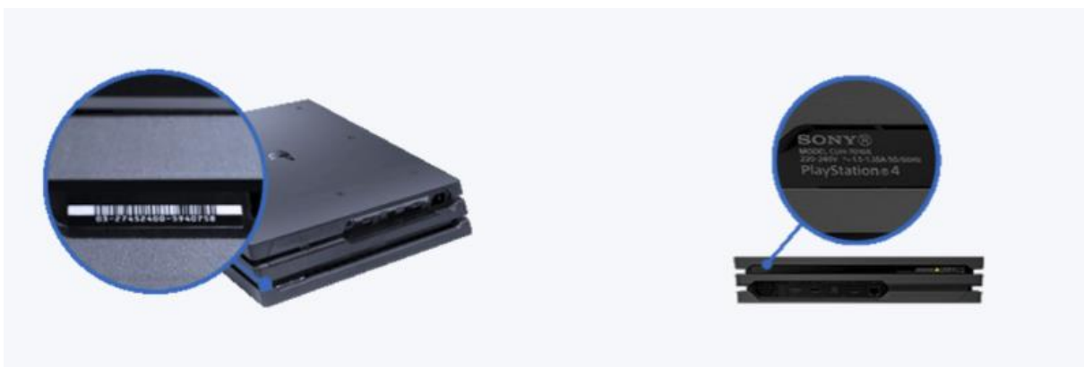
Afbeelding PS4-console Pro

Het modelnummer bevindt zich op de achterkant van het console, boven de systeempoot.
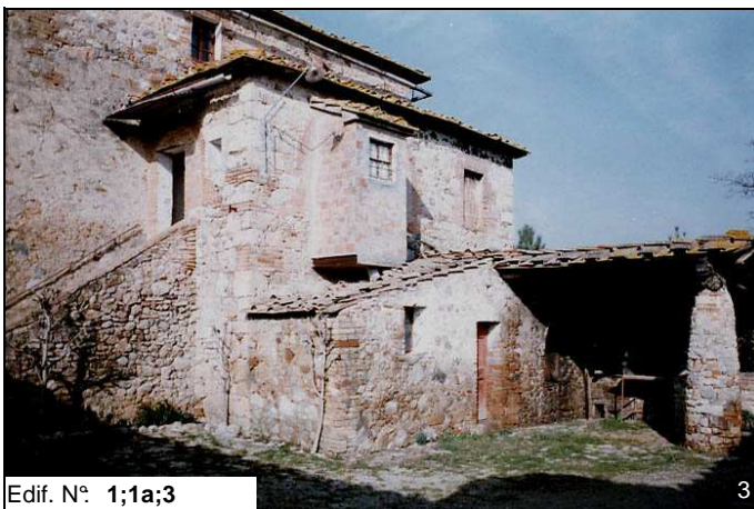
Edif. N° 1;1a;3
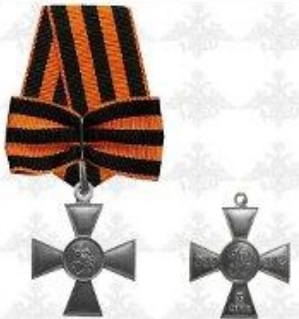
Отечественная война III степени
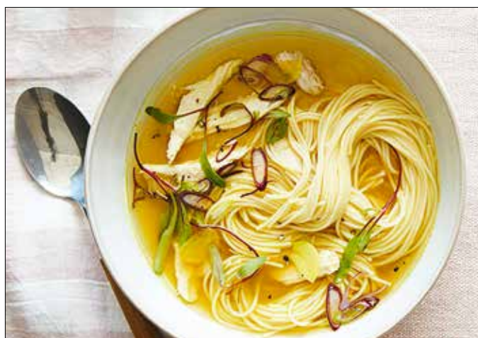
A kurkumás-gyömbéres csirkeleves gyorsan elkészíthető

2 gerezd vékonyra szeletelt fokhagyma ¼ tk kurkuma 1 tk reszelt gyömbér 1 tk extra szűz olívaolaj
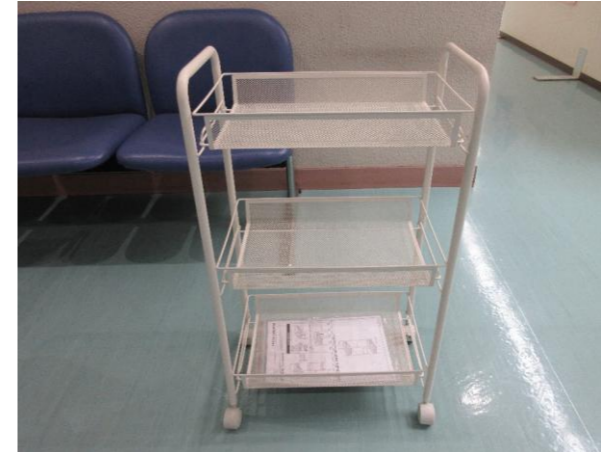
⑦ キッチンワゴン 落札額 1,200円/応札 5件
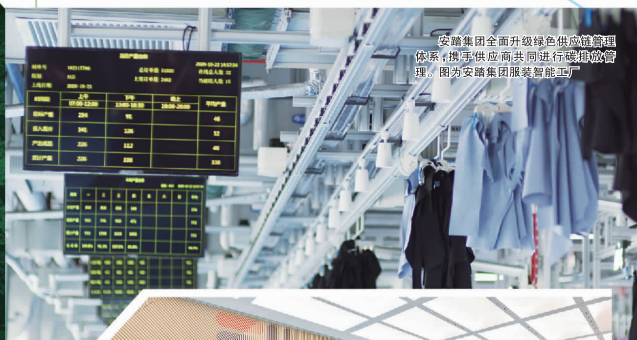
安踏集团全面升级绿色供应链管理体系,携手供应商共同进行碳排放管理。图为安踏集团服装智能工厂

可持续产品的比例提高到50% 50%的产品使用可持续包装 自有运输设备能耗的50%采用清洁能源替代 战略合作伙伴能耗的50%采用可再生能源替代 产品中使用50%可持续原材料
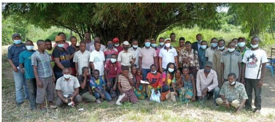
Associatie van het eiland Mbiye.

Door onderwijs en uitwisseling van plaatselijke kennis en ervaring op de velden van de scholen, maar ook op de velden van de leden van de associaties, zullen wij de agronomische methoden
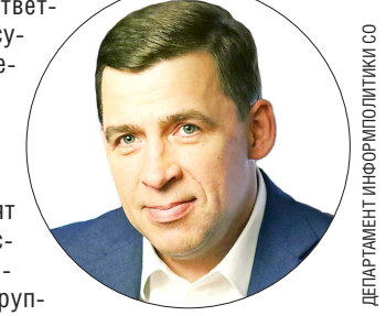
Губернатор Свердловской области Евгений КУЙВАШЕВ

Желаю вам крепкого здоровья, счастья, благополучия, новых успехов в ответственной работе на благо России и Свердловской области.
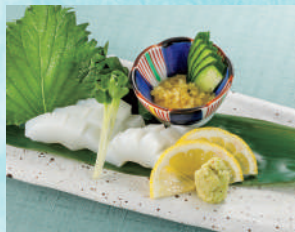
紋甲いかお造り 税込880円

## EXERCISE REQUIREMENTS
Take the listing and print it again exactly, but without any pictures.

## YOUR RESPONSE
Afbeelding PS4-console Pro

Het modelnummer bevindt zich op de achterkant van het console, boven de systeempoot.
Edif. N° 1;1a;3
Отечественная война III степени
A kurkumás-gyömbéres csirkeleves gyorsan elkészíthető

2 gerezd vékonyra szeletelt fokhagyma ¼ tk kurkuma 1 tk reszelt gyömbér 1 tk extra szűz olívaolaj
⑦ キッチンワゴン 落札額 1,200円/応札 5件
安踏集团全面升级绿色供应链管理体系,携手供应商共同进行碳排放管理。图为安踏集团服装智能工厂

可持续产品的比例提高到50% 50%的产品使用可持续包装 自有运输设备能耗的50%采用清洁能源替代 战略合作伙伴能耗的50%采用可再生能源替代 产品中使用50%可持续原材料
Associatie van het eiland Mbiye.

Door onderwijs en uitwisseling van plaatselijke kennis en ervaring op de velden van de scholen, maar ook op de velden van de leden van de associaties, zullen wij de agronomische methoden
Губернатор Свердловской области Евгений КУЙВАШЕВ

Желаю вам крепкого здоровья, счастья, благополучия, новых успехов в ответственной работе на благо России и Свердловской области.
紋甲いかお造り 税込880円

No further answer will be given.